Provided records —
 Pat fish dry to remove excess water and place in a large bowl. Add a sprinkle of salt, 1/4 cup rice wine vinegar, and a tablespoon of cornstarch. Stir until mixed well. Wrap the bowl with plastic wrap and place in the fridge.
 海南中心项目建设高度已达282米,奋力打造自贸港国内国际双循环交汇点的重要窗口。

...

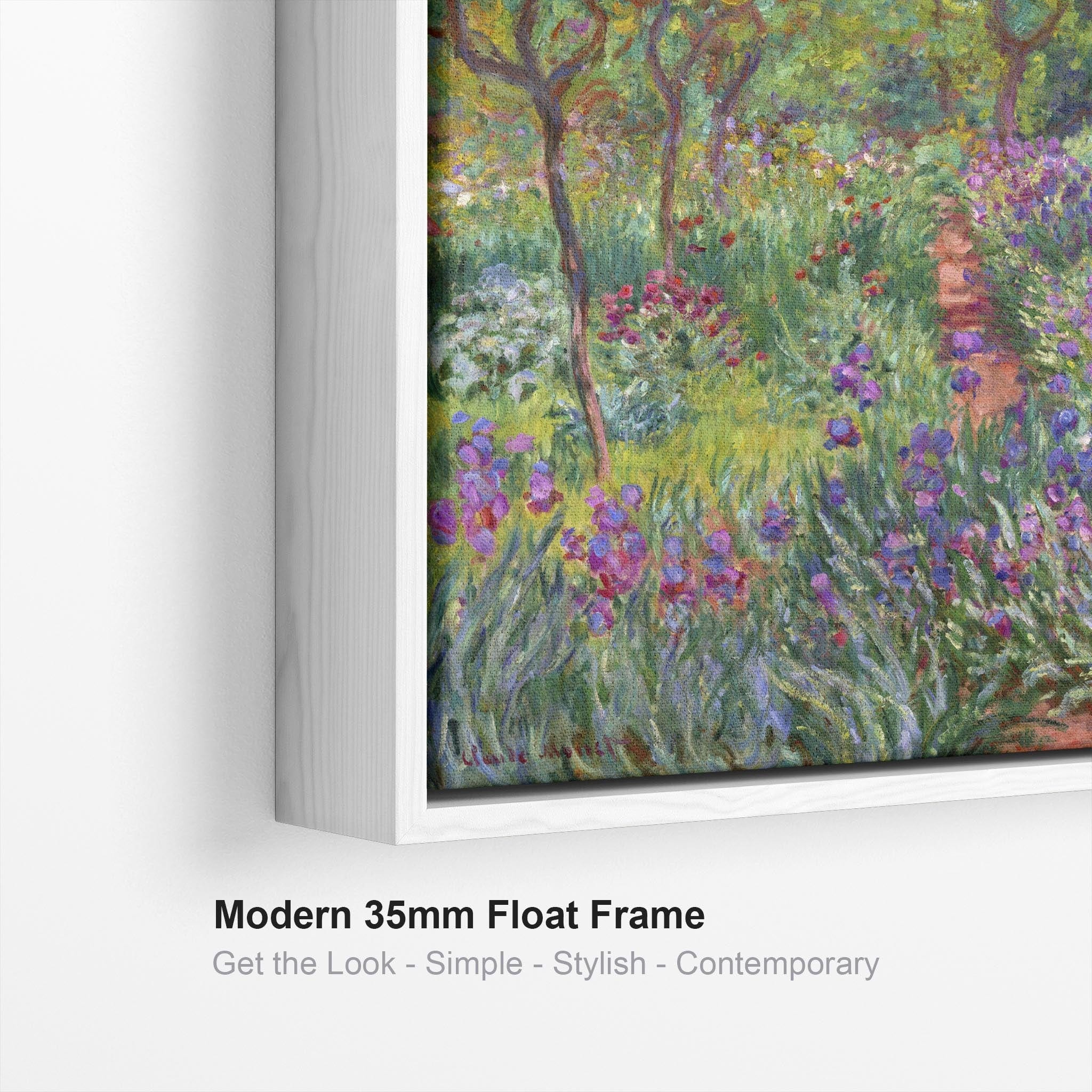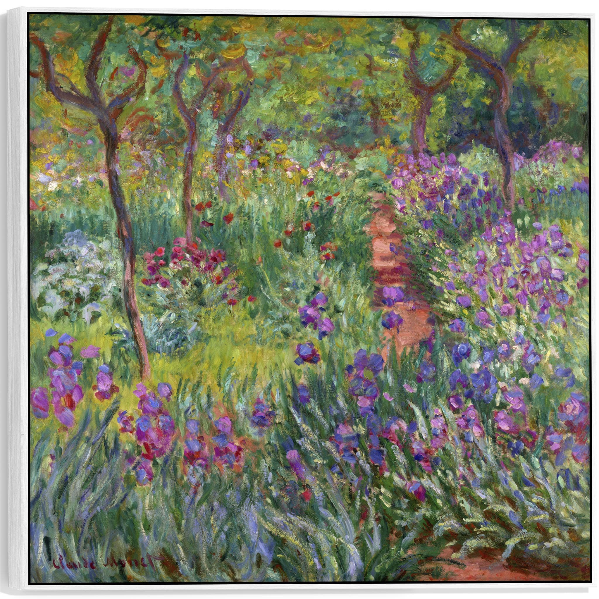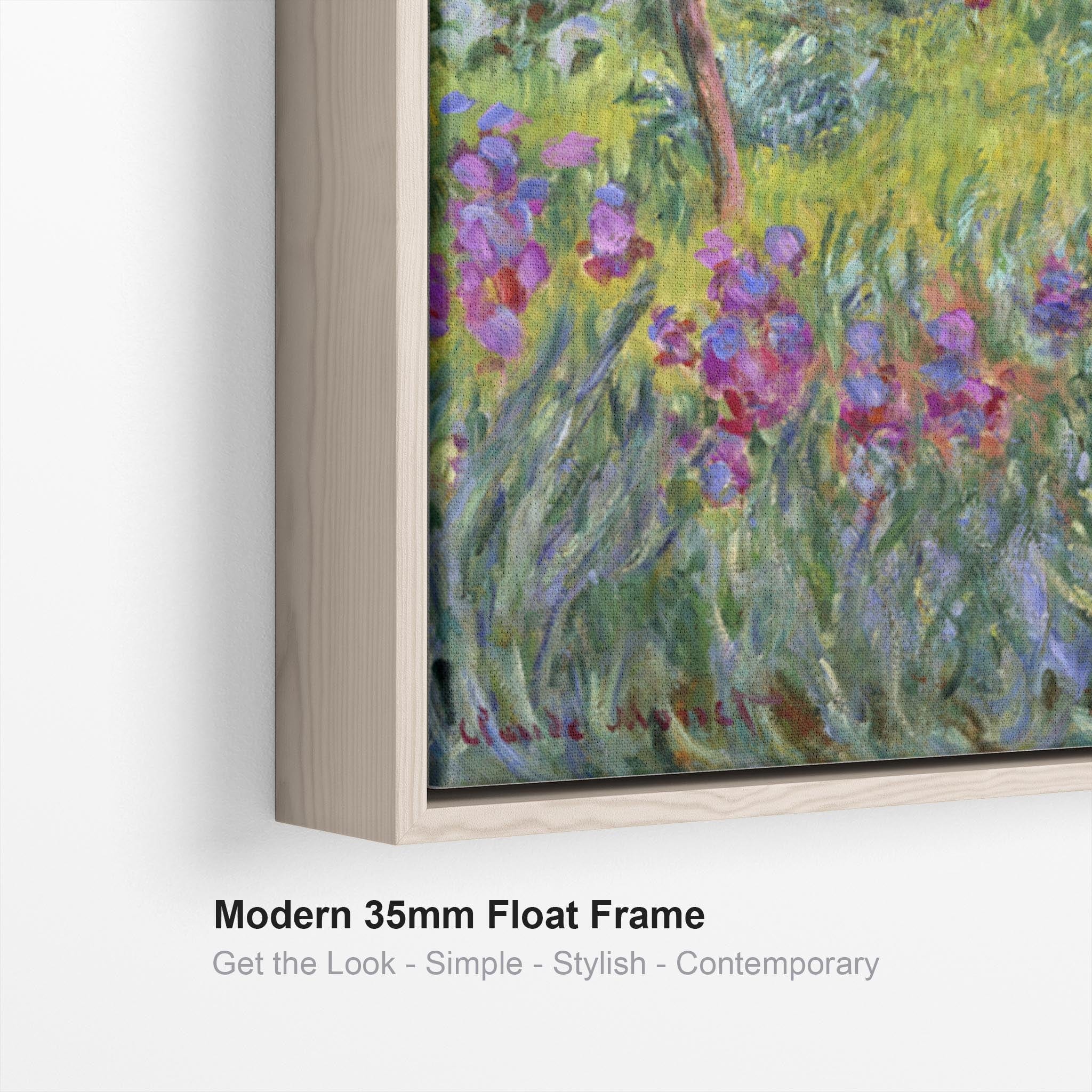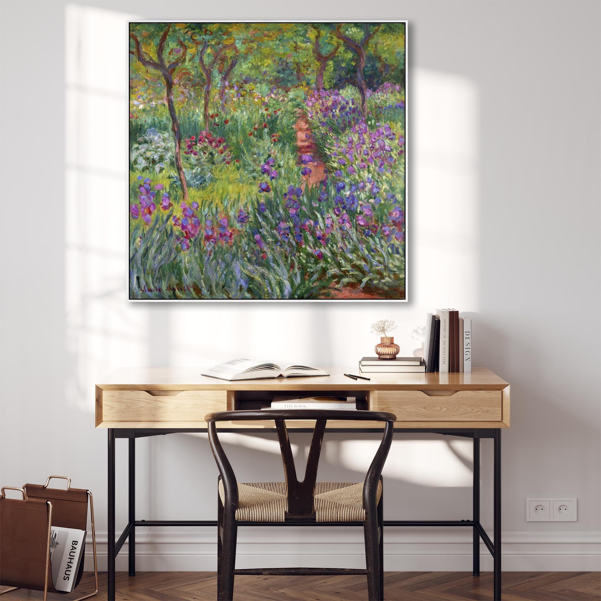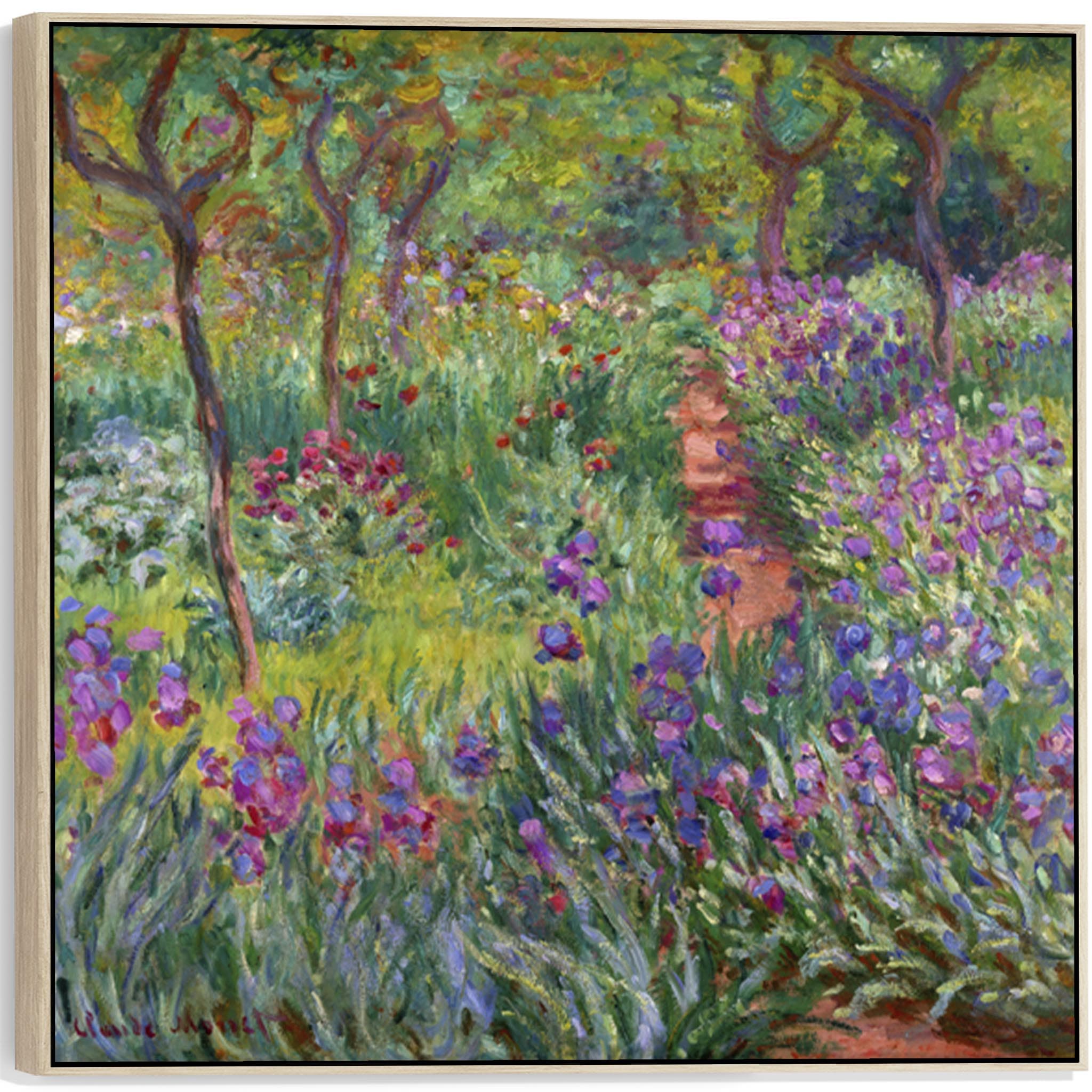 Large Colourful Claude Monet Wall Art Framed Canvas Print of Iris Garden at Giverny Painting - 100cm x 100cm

About this exercise — Restate word for word the lines of the data above, starting at the line containing "Pat fish dry" and ending at the line containing "海南中心项目建设高度已达28", both included, and nothing more.

Response —
 Pat fish dry to remove excess water and place in a large bowl. Add a sprinkle of salt, 1/4 cup rice wine vinegar, and a tablespoon of cornstarch. Stir until mixed well. Wrap the bowl with plastic wrap and place in the fridge.
 海南中心项目建设高度已达282米,奋力打造自贸港国内国际双循环交汇点的重要窗口。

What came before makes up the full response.